A Câmara dos Deputados aprovou o regime de urgência para vários projetos de lei nesta segunda-feira (16), entre eles o PL 2.564/25, que limita fiscalizações ambientais e embargos de terras. De autoria do deputado federal Lucio Mosquini (MDB-RO), a proposta proíbe que os órgãos ambientais impeçam atividades em áreas desmatadas, desde que a detecção da supressão vegetal seja feita apenas por meio de monitoramento remoto.
Esse é um dos muitos projetos que vêm em resposta ao apelo de ruralistas para frear as operações do Instituto Brasileiro do Meio Ambiente e dos Recursos Naturais Renováveis (Ibama) por todo o país. Movimentos de produtores rurais apontam aumento de multas e embargos de terras com desmatamento, mas utilizando imagens de satélite. A detecção de crimes ambientais, no entanto, ainda conta com outros mecanismos de cruzamento de dados e informações. Para derrubar o embargo, o proprietário precisa provar que tem permissão para a supressão vegetal.

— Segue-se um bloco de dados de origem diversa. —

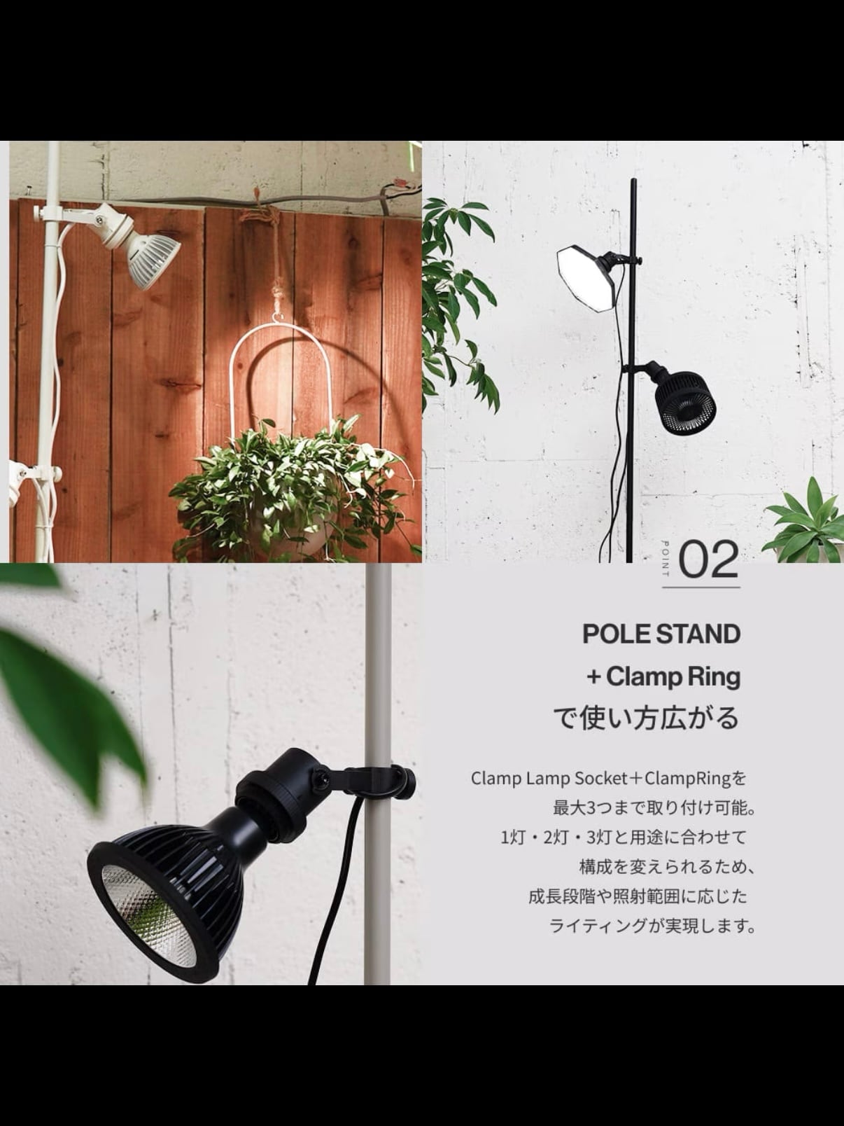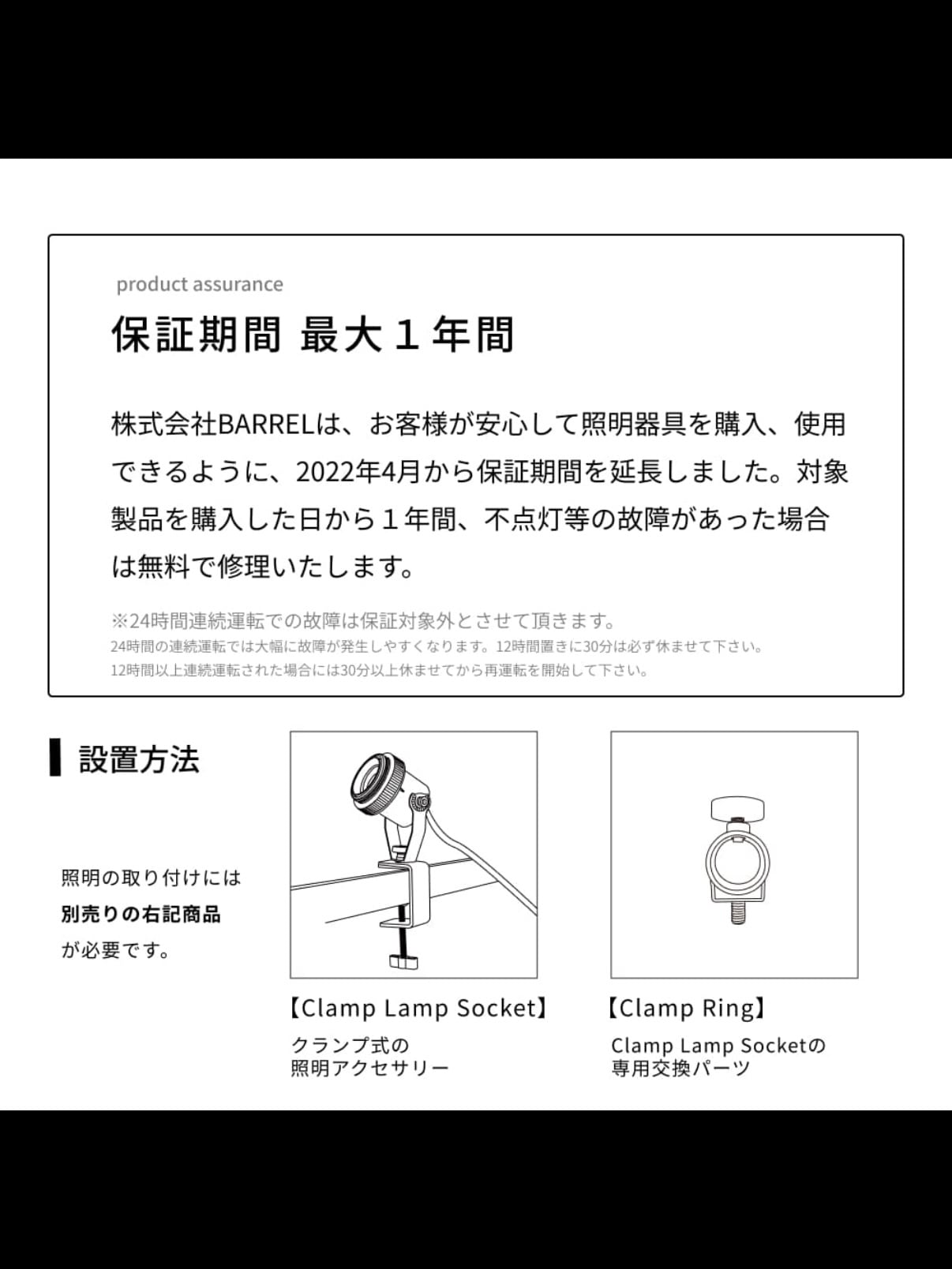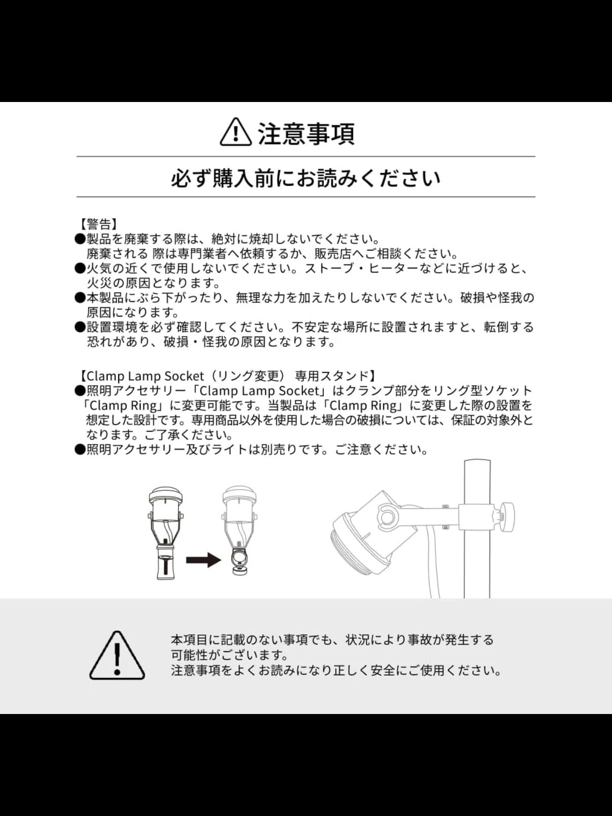 ・照明アクセサリー「Clamp Lamp Socket」はクランプ部分をリング型ソケット「Clamp Ring」に変更可能です。当製品は「Clamp Ring」に変更した際の設置を想定した設計です。専用商品以外を使用した場合の破損については、保証の対象外となります。ご了承ください。

O PL 2.564/25 determina que as medidas administrativas cautelares aplicadas “não poderão ser utilizadas como instrumento de antecipação das sanções previstas”. Ainda segundo o texto da proposta, “Fica vedada a imposição de embargo baseado exclusivamente em detecção remota de infração decorrente de supressão de vegetação, sendo garantida a notificação prévia do autuado para prestar esclarecimentos em prazo razoável antes da imposição da medida”.
Entre as manifestações em prol de produtores rurais e setor madeireiro, o governador do Pará, Helder Barbalho (MDB), foi a Brasília no ano passado, acompanhado de parlamentares e produtores rurais, para uma reunião com o Governo Federal, para buscar uma forma de equilibrar as ações e criar critérios menos rigorosos. A medida ocorreu após uma megaoperação pré-COP30, na Amazônia, que resultou no embargo de 70 mil hectares de terra.
O presidente da Câmara, deputado Hugo Motta (Republicanos-PB), garantiu que vai pautar o projeto apenas após amplo debate, envolvendo quem apoia e quem é contra o projeto de lei. Para ambientalistas e base do Governo Lula, o projeto de lei enfraquece a fiscalização e a legislação. Para a oposição e parlamentares a favor do setor produtivo, a proposta corrige distorções e amplia o direito à defesa e contraditório.
(Da Redação do Fato Regional, com informações da Agência Câmara)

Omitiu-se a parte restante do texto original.